(Given material Opens)

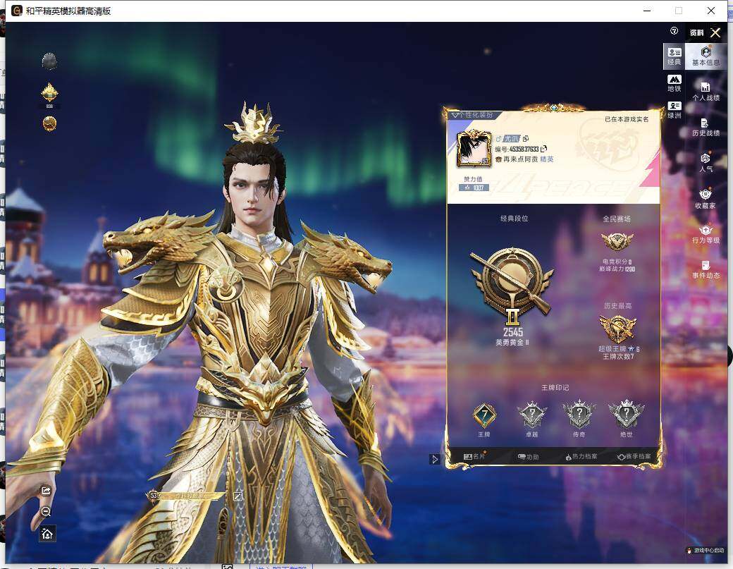 - [12075308]V9 2典藏 33传说 125英雄 462皮肤 可修改实名 优质装备:鸣剑·曳影,拾光映像(瑶典藏),黄金射手座,云鹰飞将(小将军),绛天战甲(鸡嘴战神),久胜战神,炽阳神光,末日机甲-孙尚香(绿蚂蚱),仲夏夜之梦(大飞蛾),音你心动-小乔,胖达荣荣,李逍遥,超时空战士-狄仁杰,碎云,浮生妄,鹤羽星尊,妄想奇谈,黄金天蝎座,千山共赴,涂山容容 传说皮:云诺千山,铠冥王哈迪斯,续相思,星之鸣奏,祥瑞亨通,幻光神枪 珍宝阁皮:妄想食味,胡桃夹子,女武神 限定皮:愿照·九州拓(澜年限),愿照·山河定(司空震年限),愿照·千秋盛(女娲年限),逐霄战戟,鸣野蒿,至尊宝,凤求凰(白切鸡),凤凰于飞,傲雪梅枪,绯月行,魔法小厨娘,时雨天司(水龙头),神威(电光马子),飞衡(韩信年限),遇见飞天,高山流水,诗剑行,降魔,五谷丰年,天狼运算者,梁祝,御风骁将(吕布年限),龙胆,烈魂,天狼溯光者,逐梦之音,祈雪灵祝(雪兔子),天狼绘梦者,李小龙,逐梦之影,朱雀志(守约年限),孙行者,猪悟能,大圣娶亲,引擎之心,青春决赛季,乒乒小将,蜜橘之夏,玉兔公主,时之奇旅-妲己,神器·万象笔 史诗皮:鸭鸭历险记-刘禅,苍鳞隐世,器灵·浮梦炉,糖绘人间,绮世丹青,瑰影绮梦,化蝶舞,灵蛊蚀心,星界战将,龙之律动,雪豹·霜爪,藏狐·褐绒,布丁狗之誓,百相守梦-周瑜,戍鼓铭心,茶境仙,怒海争锋,破空之剑,涂山红红,东方月初,蒙犽顽岩魄,芈月浮光幕影,琥珀纪元伽罗,上官婉儿群星魔术团,蔬乡物语(鲁班七号),超元猎域,百相守梦-百里守约,星界特工,百相守梦-黄忠,织梦人,紫霞仙子,苍穹之光,电玩小子(小书包),白龙吟,黄金分割率,特工魅影,千年之狐,江河有灵,鹤归松栖(赵怀真),真我赫兹(百里守约),魅语,百解令(蒙犽),高渐离燃音魔法,蒙恬荣光圣徽,无限星赏官,冰冠公主,青蛇,偶像歌手,白蛇,晚萤,电玩·爆裂旋风,暗夜猫娘,末日机甲-吕布,猫狗日记-孙策,猫狗日记-大乔,时之恋人-孙尚香,乱世虎臣,节奏热浪,修罗,女仆咖啡,摇滚巨星,水果甜心,绅士熊喵,天才门将,星夜王子,心灵骇客,功夫厨神,德古拉伯爵,暗隐猎兽者,幽灵船长,鬼剑武藏,暗渊魔法,心灵战警,乐园奇幻夜,天秀·启明,舞动绿茵,地狱岩魂,诗语江南,纤云弄巧,繁星吟游(呼啦呼啦),拒霜思,缤纷独角兽,乘风破浪,逐浪之夏,龙鼓争鸣,月团寄思,水晶猎
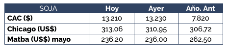 En el segmento de soja de nueva campaña no se registraron valores abiertos, sin embargo en los registros oficiales se contabilizan operaciones por US$ 235/t para la posición mayo.
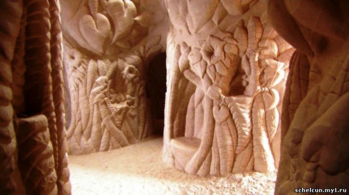 В пещерах он прорезает окна в стенах и потолках, и солнце днем заливает залы яркими лучами. Свои таинственные подземные дворцы Ра называет «первозданными святилищами», в которых человек, оставаясь наедине с собой, может почувствовать душу мира. Творит он ради собственного удовольствия и самовыражения. А пока работает, устраивает в пещере уютный уголок для себя, в котором есть все, что нужно для жизни.
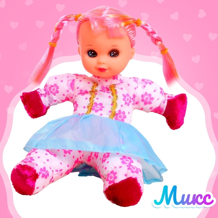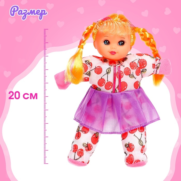 Яркая мягконабивная куколка порадует малышку. Она музыкальная: воспроизводит одну весёлую мелодию. В комплекте есть 1 батарейка типа CR2032.

(Given material Closes)

## How to complete this task
Exactly restate the lines from the beginning of the data through the line with "В пещерах он", and no others, keeping pictures out.

## Result of this task
 - [12075308]V9 2典藏 33传说 125英雄 462皮肤 可修改实名 优质装备:鸣剑·曳影,拾光映像(瑶典藏),黄金射手座,云鹰飞将(小将军),绛天战甲(鸡嘴战神),久胜战神,炽阳神光,末日机甲-孙尚香(绿蚂蚱),仲夏夜之梦(大飞蛾),音你心动-小乔,胖达荣荣,李逍遥,超时空战士-狄仁杰,碎云,浮生妄,鹤羽星尊,妄想奇谈,黄金天蝎座,千山共赴,涂山容容 传说皮:云诺千山,铠冥王哈迪斯,续相思,星之鸣奏,祥瑞亨通,幻光神枪 珍宝阁皮:妄想食味,胡桃夹子,女武神 限定皮:愿照·九州拓(澜年限),愿照·山河定(司空震年限),愿照·千秋盛(女娲年限),逐霄战戟,鸣野蒿,至尊宝,凤求凰(白切鸡),凤凰于飞,傲雪梅枪,绯月行,魔法小厨娘,时雨天司(水龙头),神威(电光马子),飞衡(韩信年限),遇见飞天,高山流水,诗剑行,降魔,五谷丰年,天狼运算者,梁祝,御风骁将(吕布年限),龙胆,烈魂,天狼溯光者,逐梦之音,祈雪灵祝(雪兔子),天狼绘梦者,李小龙,逐梦之影,朱雀志(守约年限),孙行者,猪悟能,大圣娶亲,引擎之心,青春决赛季,乒乒小将,蜜橘之夏,玉兔公主,时之奇旅-妲己,神器·万象笔 史诗皮:鸭鸭历险记-刘禅,苍鳞隐世,器灵·浮梦炉,糖绘人间,绮世丹青,瑰影绮梦,化蝶舞,灵蛊蚀心,星界战将,龙之律动,雪豹·霜爪,藏狐·褐绒,布丁狗之誓,百相守梦-周瑜,戍鼓铭心,茶境仙,怒海争锋,破空之剑,涂山红红,东方月初,蒙犽顽岩魄,芈月浮光幕影,琥珀纪元伽罗,上官婉儿群星魔术团,蔬乡物语(鲁班七号),超元猎域,百相守梦-百里守约,星界特工,百相守梦-黄忠,织梦人,紫霞仙子,苍穹之光,电玩小子(小书包),白龙吟,黄金分割率,特工魅影,千年之狐,江河有灵,鹤归松栖(赵怀真),真我赫兹(百里守约),魅语,百解令(蒙犽),高渐离燃音魔法,蒙恬荣光圣徽,无限星赏官,冰冠公主,青蛇,偶像歌手,白蛇,晚萤,电玩·爆裂旋风,暗夜猫娘,末日机甲-吕布,猫狗日记-孙策,猫狗日记-大乔,时之恋人-孙尚香,乱世虎臣,节奏热浪,修罗,女仆咖啡,摇滚巨星,水果甜心,绅士熊喵,天才门将,星夜王子,心灵骇客,功夫厨神,德古拉伯爵,暗隐猎兽者,幽灵船长,鬼剑武藏,暗渊魔法,心灵战警,乐园奇幻夜,天秀·启明,舞动绿茵,地狱岩魂,诗语江南,纤云弄巧,繁星吟游(呼啦呼啦),拒霜思,缤纷独角兽,乘风破浪,逐浪之夏,龙鼓争鸣,月团寄思,水晶猎
 En el segmento de soja de nueva campaña no se registraron valores abiertos, sin embargo en los registros oficiales se contabilizan operaciones por US$ 235/t para la posición mayo.
 В пещерах он прорезает окна в стенах и потолках, и солнце днем заливает залы яркими лучами. Свои таинственные подземные дворцы Ра называет «первозданными святилищами», в которых человек, оставаясь наедине с собой, может почувствовать душу мира. Творит он ради собственного удовольствия и самовыражения. А пока работает, устраивает в пещере уютный уголок для себя, в котором есть все, что нужно для жизни.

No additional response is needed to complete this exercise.